- WORK TO COMPLETE -
Provide an exact copy of the data, excluding the images.

*** INFORMATION SUPPLIED Section Begins ***

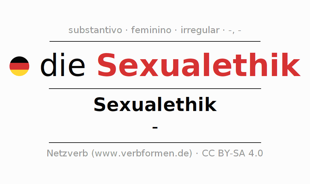 A declinação do substantivo Sexualethik (ética sexual) está no genitivo singular Sexualethik e no nominativo plural - . O substantivo Sexualethik é declinado com as terminações -/-. Não há formas no plural. O gênero gramatical de Sexualethik é feminino e o artigo definido é "die". Não se pode somente declinar o substantivo Sexualethik mas sim todos os substantivos em alemão. Comentários ☆
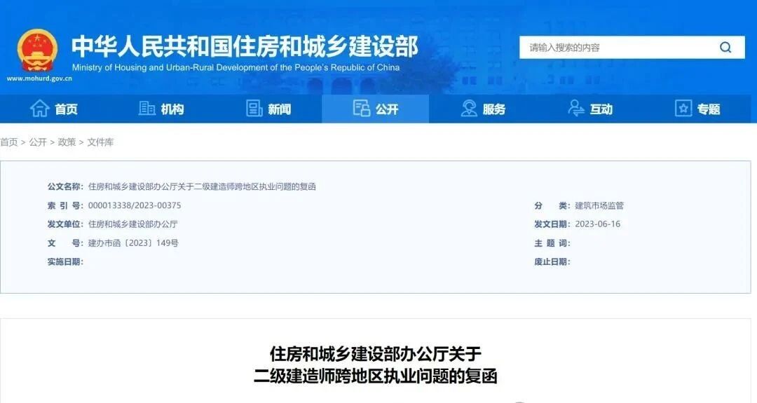 住房和城乡建设部办公厅发布关于二级建造师跨地区执业问题的复函。通知明确:
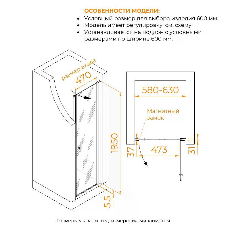 Душевая дверь RGW PA-03-B NEW 600xx1950 стекло прозрачное, профиль черный (54080306-14)
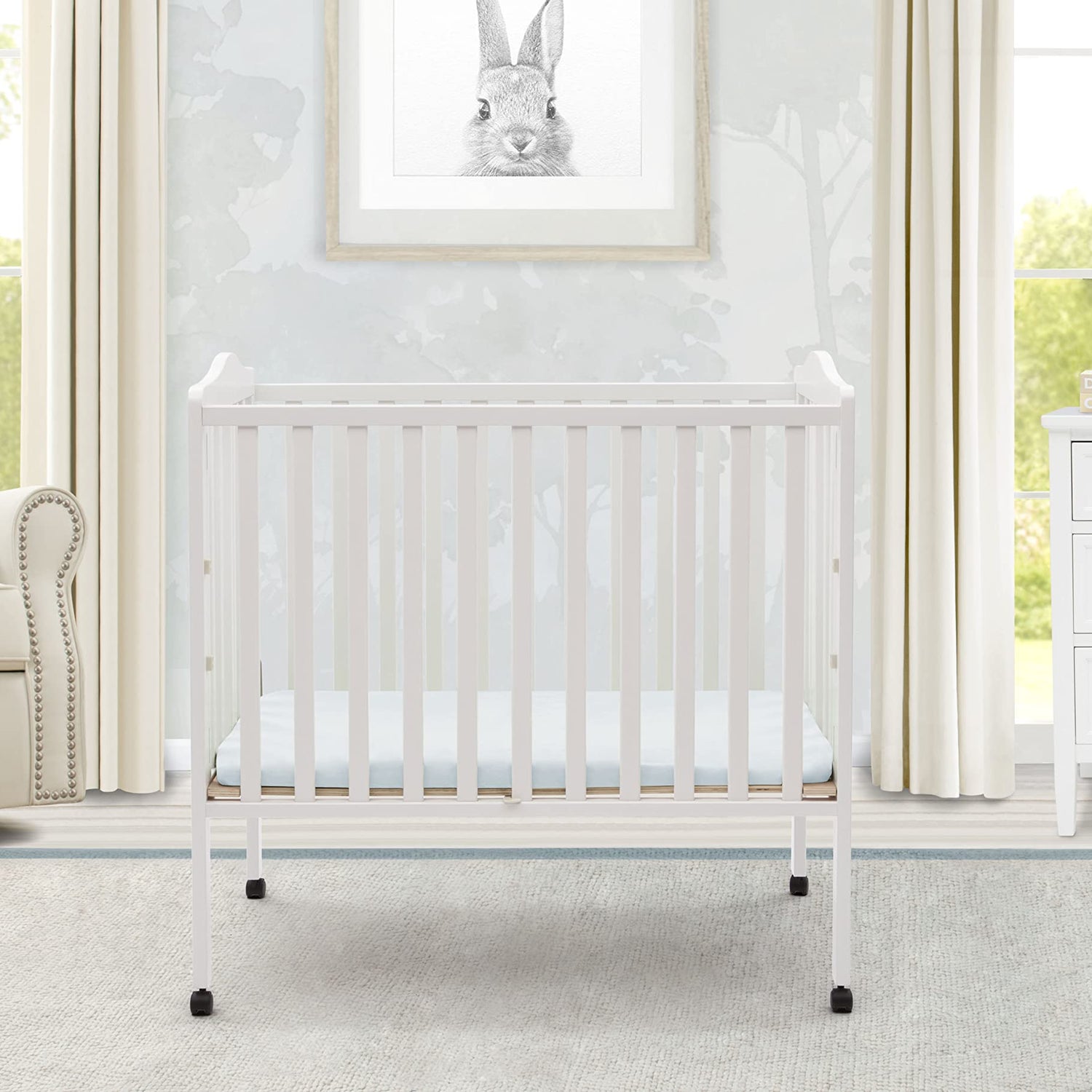 Delta Children Folding Portable Mini Baby Crib with 1.5-inch Mattress - Greenguard Gold Certified, White

*** INFORMATION SUPPLIED Section Ends ***

- WRITTEN RESPONSE -
 A declinação do substantivo Sexualethik (ética sexual) está no genitivo singular Sexualethik e no nominativo plural - . O substantivo Sexualethik é declinado com as terminações -/-. Não há formas no plural. O gênero gramatical de Sexualethik é feminino e o artigo definido é "die". Não se pode somente declinar o substantivo Sexualethik mas sim todos os substantivos em alemão. Comentários ☆
 住房和城乡建设部办公厅发布关于二级建造师跨地区执业问题的复函。通知明确:
 Душевая дверь RGW PA-03-B NEW 600xx1950 стекло прозрачное, профиль черный (54080306-14)
 Delta Children Folding Portable Mini Baby Crib with 1.5-inch Mattress - Greenguard Gold Certified, White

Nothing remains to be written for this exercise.